These results indicate that either the amplitude and/or timing of excitatory and inhibitory inputs are independent, or that they are phase-shifted with sufficient lag to prevent cancelation of synaptic current fluctuations at −40 mV. To examine the amplitude–temporal relationship between excitation and inhibition, we performed cross-correlations between simultaneously recorded EPSCs and IPSCs in nearby pairs of pyramidal or fast-spiking neurons (Fig. 8C–F).
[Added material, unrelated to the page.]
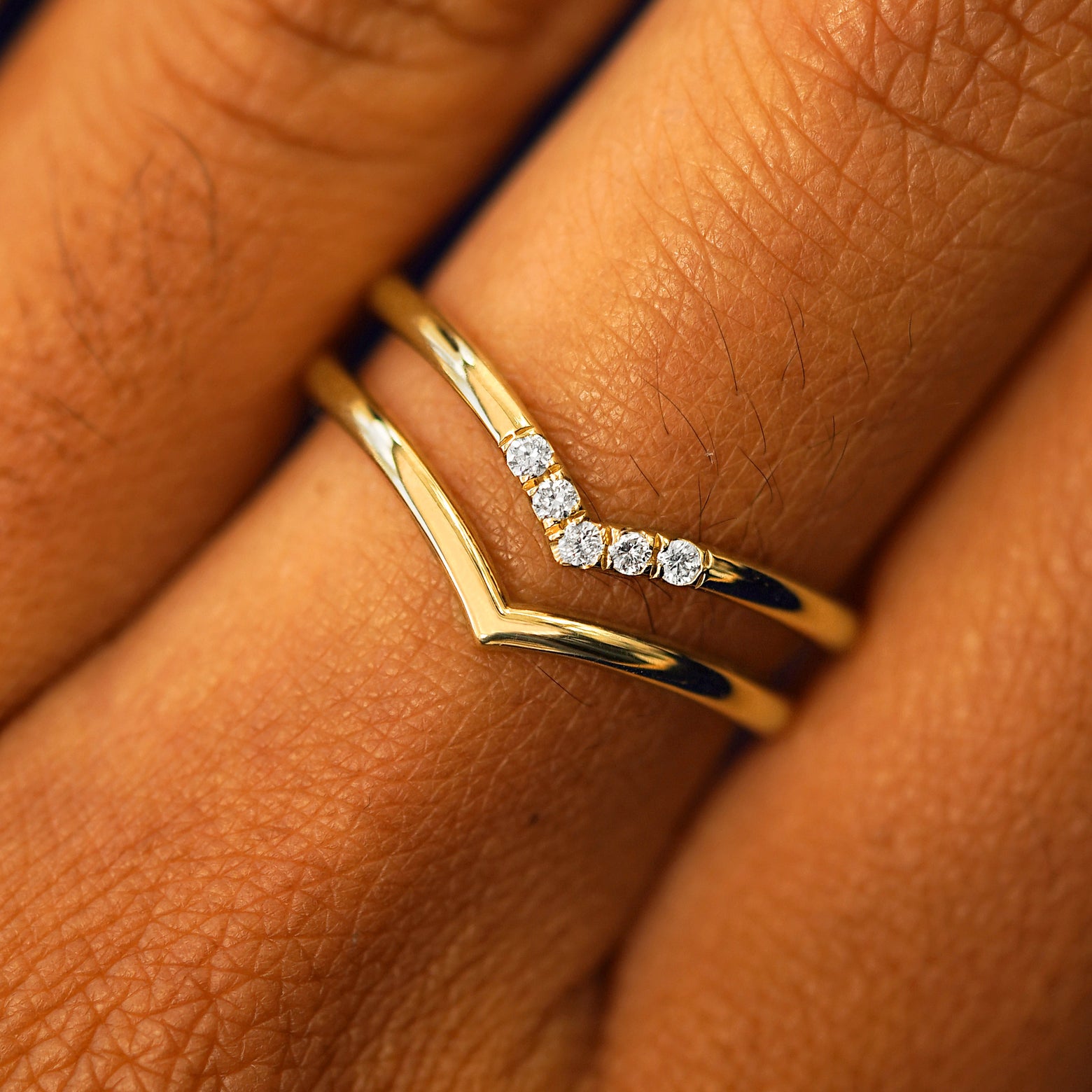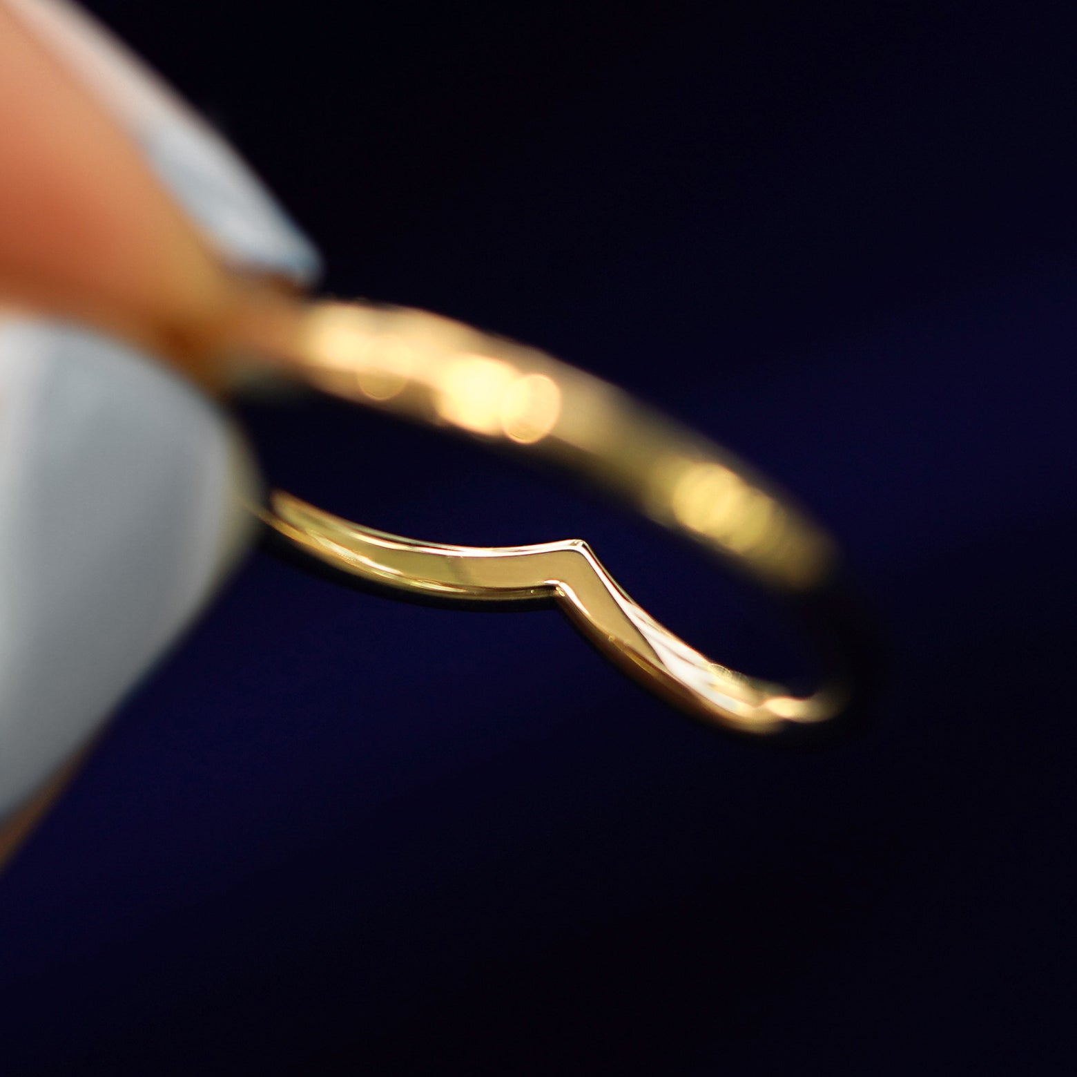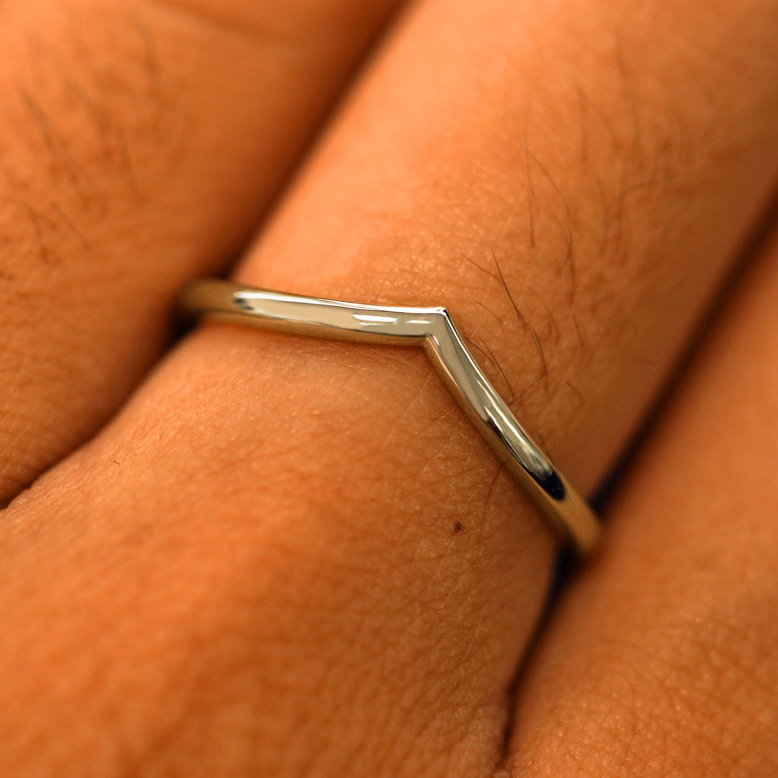 This thin V-shaped band is crafted in recycled solid 14k gold or 950 platinum. Wear it as an everyday ring as part of a stack or alone. This elegant chevron ring also makes a great stackable wedding band to complement any engagement ring.

On average, EPSCs and IPSCs were temporally correlated at nonzero lag. EPSC amplitude appears to peak, on average, just before IPSC amplitude, by 6 ms in pyramidal cell pairs (n = 12 pairs) and 4 ms in fast-spiking interneuron pairs (n = 7 pairs; Fig. 8E,F). This time lag agreed with the measured lag between average excitatory and inhibitory currents in the spike-triggered average of fast-spiking interneurons pairs (Fig. 6D). This temporal relationship between EPSCs and IPSCs supports the hypothesis that fast-spiking interneurons are driven, on a cycle-by-cycle basis, by activity in pyramidal cells. The short delay between excitation and inhibition may allow for only brief opportunities for action potential generation in fast-spiking interneurons.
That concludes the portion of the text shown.